The problem is that the absolute values in your graph look completely wrong. If the graph is flipped upside down, and based at zero power, zero current and zero voltage, then the blue curve does indeed look like an I-V curve for a photovoltaic cell, and the orange curve looks like the corresponding power curve.

So it looks like the shape of your curve is right (albeit upside down from the usual presentation), but the absolute values are wrong.

You need to work out what the right absolute numbers are.
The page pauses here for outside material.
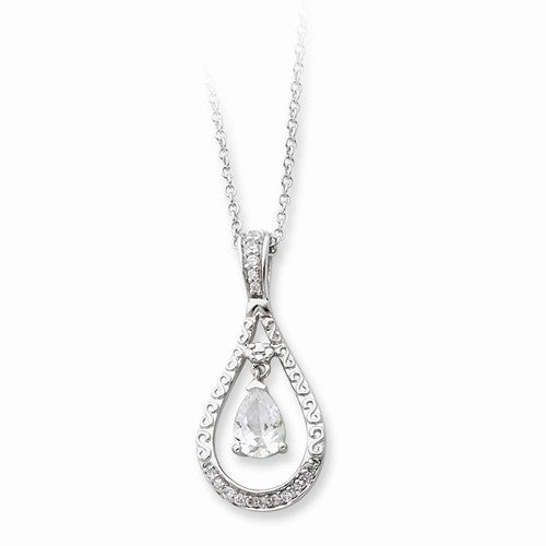 Sterling Silver April CZ Stone Never Forget Tear Birthstone Necklace

You know that the lowest the actual voltage is going to be is zero, and the lowest observed value is currently marked as -10V. The curve is the right shape going left to right (it's upside down, but does not also need reflecting in a vertical axis), so the correction coefficient for voltage is going to be positive. You know that the lowest the actual current and the actual power can be is also zero, and their lowest observed values are marked as 0.1A and about 6.9W respectively - I say lowest, because we need to flip the curve upside down. And because we do, you know the coefficient to correct them will be negative. And you know that $P_{real}=I_{real}V_{real}$.
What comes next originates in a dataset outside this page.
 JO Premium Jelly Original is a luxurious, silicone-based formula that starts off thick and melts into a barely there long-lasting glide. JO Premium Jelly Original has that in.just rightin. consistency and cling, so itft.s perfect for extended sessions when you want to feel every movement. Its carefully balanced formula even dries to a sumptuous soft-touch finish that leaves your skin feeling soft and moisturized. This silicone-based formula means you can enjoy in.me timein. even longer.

Given the shape of the curves, it's safe to assume that current and voltage each need a linear transformation (i.e. $V_{real} = aV_{obs}+b$, where you need to find $a$ and $b$)

This gives you a set of simultaneous equations you can solve, to transform observed voltage (current/power) [$V_{obs}, I_{obs}, P_{obs}$] into actual voltage (current/power) [$V_{real}, I_{real}, P_{real}$].

Write out those simultaneous equations, and solve them.

That's the recipe on how to solve it. You'll need to follow the recipe yourself, though: given that this is coursework, there's no use in me doing it for you. Be sure to go through the recipe yourself, and make sure you understand why each step exists - try to work out how I derived it.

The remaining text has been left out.